DSN MUI secara konsisten menerapkan fikih yang memberikan solusi
Sharianews.com, Jakarta - Dewan Syariah Nasional Majelis Ulama Indonesia (DSN MUI) berada dalam posisi seperti sekarang dan dipercaya banyak pihak karena menerapkan dua hal.
Wakil Presiden (Wapres) K.H Ma’ruf Amin mengungkapkan kedua hal itu. Pertama adalah melakukan pendekatan menggunakan cara tadriji (bertahap) sehingga tidak menimbulkan kegaduhan. Sementara yang kedua adalah DSN MUI secara konsisten menerapkan fikih yang memberikan solusi (makharij fiqhiyyah).
“Ini bukan fikih yang semata-mata membatasi dan apalagi melarang, sehingga fatwa-fatwa DSN MUI dapat memenuhi kebutuhan para pelaku industri dan di sisi lain juga mempunyai dasar kesyariahan yang kuat,” ujarnya, dalam acara Pra-Ijtima’ Tsanawi DSN MUI, Senin (12/10)
Corak fikih yang bertahap dan solutif itu, disebut Wapres menjadi ruh fatwa-fatwa DSN MUI selama ini. Corak seperti ini tidak muncul secara tiba-tiba, namun telah dimatangkan dari proses lama dan mendalam sejak DSN MUI dibentuk.
Ia mencontohkan, dalam prinsip DSN MUI berupa Taysirul Manhaj misalnya, fatwa DSN MUI bisa memberikan solusi terbaik terhadap masalah industri keuangan. Kaidah satu ini membuat fatwa yang meringankan namun tetap sesuai dari sisi metodologisnya. Fatwa yang meringankan namun mengacuhkan aspek kesesuaian metodologis, tentu saja terlarang. Maka konsep DSN MUI ini menjadi jalan tengah.
“Untuk kepentingan prinsip itu misalnya, dirumuskan kaidah mengambil pendapat yang lebih kuat dan lebih maslahat jika memungkinkan, dan jika tidak memungkinkan mengambil kedua-duanya, maka mengambil pendapat yang lebih maslahat saja,” katanya.
Kaidah seperti ini, ucap dia, jarang ditemukan di tempat lain karena perumusnya adalah DSN MUI setelah melalui perjalanan panjang. Penggunaan kaidah ini membuat fatwa DSN menjadi lebih fleksibel, terutama dalam mengambil kemaslahatan yang sesuai koridor syariah.
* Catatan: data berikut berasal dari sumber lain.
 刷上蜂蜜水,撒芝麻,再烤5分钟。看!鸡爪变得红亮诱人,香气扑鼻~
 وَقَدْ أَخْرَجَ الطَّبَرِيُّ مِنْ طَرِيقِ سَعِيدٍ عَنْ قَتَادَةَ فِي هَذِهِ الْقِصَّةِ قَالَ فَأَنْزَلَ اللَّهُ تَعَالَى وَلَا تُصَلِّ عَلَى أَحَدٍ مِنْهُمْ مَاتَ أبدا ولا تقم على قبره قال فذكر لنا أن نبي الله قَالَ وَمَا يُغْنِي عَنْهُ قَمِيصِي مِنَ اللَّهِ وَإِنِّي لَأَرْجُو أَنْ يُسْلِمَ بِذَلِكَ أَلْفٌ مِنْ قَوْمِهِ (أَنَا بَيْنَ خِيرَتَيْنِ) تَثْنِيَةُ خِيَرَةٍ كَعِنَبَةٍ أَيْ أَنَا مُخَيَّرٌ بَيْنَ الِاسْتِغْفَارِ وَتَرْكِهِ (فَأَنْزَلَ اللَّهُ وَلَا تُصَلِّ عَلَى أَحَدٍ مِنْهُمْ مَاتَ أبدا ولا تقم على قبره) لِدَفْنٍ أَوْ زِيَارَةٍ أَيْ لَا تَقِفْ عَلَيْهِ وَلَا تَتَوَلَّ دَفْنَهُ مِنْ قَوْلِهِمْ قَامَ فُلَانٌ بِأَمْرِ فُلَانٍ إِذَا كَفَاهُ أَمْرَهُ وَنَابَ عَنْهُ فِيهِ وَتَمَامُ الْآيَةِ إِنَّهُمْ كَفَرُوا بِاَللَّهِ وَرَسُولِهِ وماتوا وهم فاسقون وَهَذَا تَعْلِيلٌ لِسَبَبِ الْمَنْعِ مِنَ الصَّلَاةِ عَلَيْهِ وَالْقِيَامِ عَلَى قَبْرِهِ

“Karena itu, tidak perlu heran jika di fatwa-fatwa DSN MUI ditemukan penerapan kaidah yang bisa jadi saling berlawanan. Dua kaidah yang terlihat saling berlawanan semuanya diadopsi oleh DSN MUI dan dipakai dalam penerapan fatwa, bergantung mana yang lebih relevan dengan kemaslahatan,” katanya.
Selain prinsip al-Taysir al-Manhaji itu, DSN MUI juga menggunakan prinsip Tafriq al Halal ‘An al-Haram, I’adah al-Nadhar, dan Tahqiq al-Manath.
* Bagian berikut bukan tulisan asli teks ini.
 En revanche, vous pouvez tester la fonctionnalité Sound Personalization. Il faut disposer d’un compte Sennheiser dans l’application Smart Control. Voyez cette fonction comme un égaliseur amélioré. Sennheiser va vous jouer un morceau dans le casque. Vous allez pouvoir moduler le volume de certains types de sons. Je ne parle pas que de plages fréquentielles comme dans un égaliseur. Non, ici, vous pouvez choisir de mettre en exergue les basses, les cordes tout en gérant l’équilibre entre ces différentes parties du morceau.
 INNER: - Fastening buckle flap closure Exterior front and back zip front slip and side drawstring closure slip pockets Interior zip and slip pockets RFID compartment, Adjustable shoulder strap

K.H. Ma’ruf berharap, pemahaman seperti ini menjadi pegangan Dewan Pengawas Syariah (DPS), termasuk argumentasinya.
“Sebab, acuan utama dalam melakukan tugas DPS adalah fatwa DSN-MUI. Oleh karenanya, DPS dituntut untuk terus meningkatkan kompetensinya, sehingga dapat menjalankan tugasnya dengan baik dalam pengawasan aspek kepatuhan syariah di lembaga keuangan dan bisnis syariah,” ujarnya.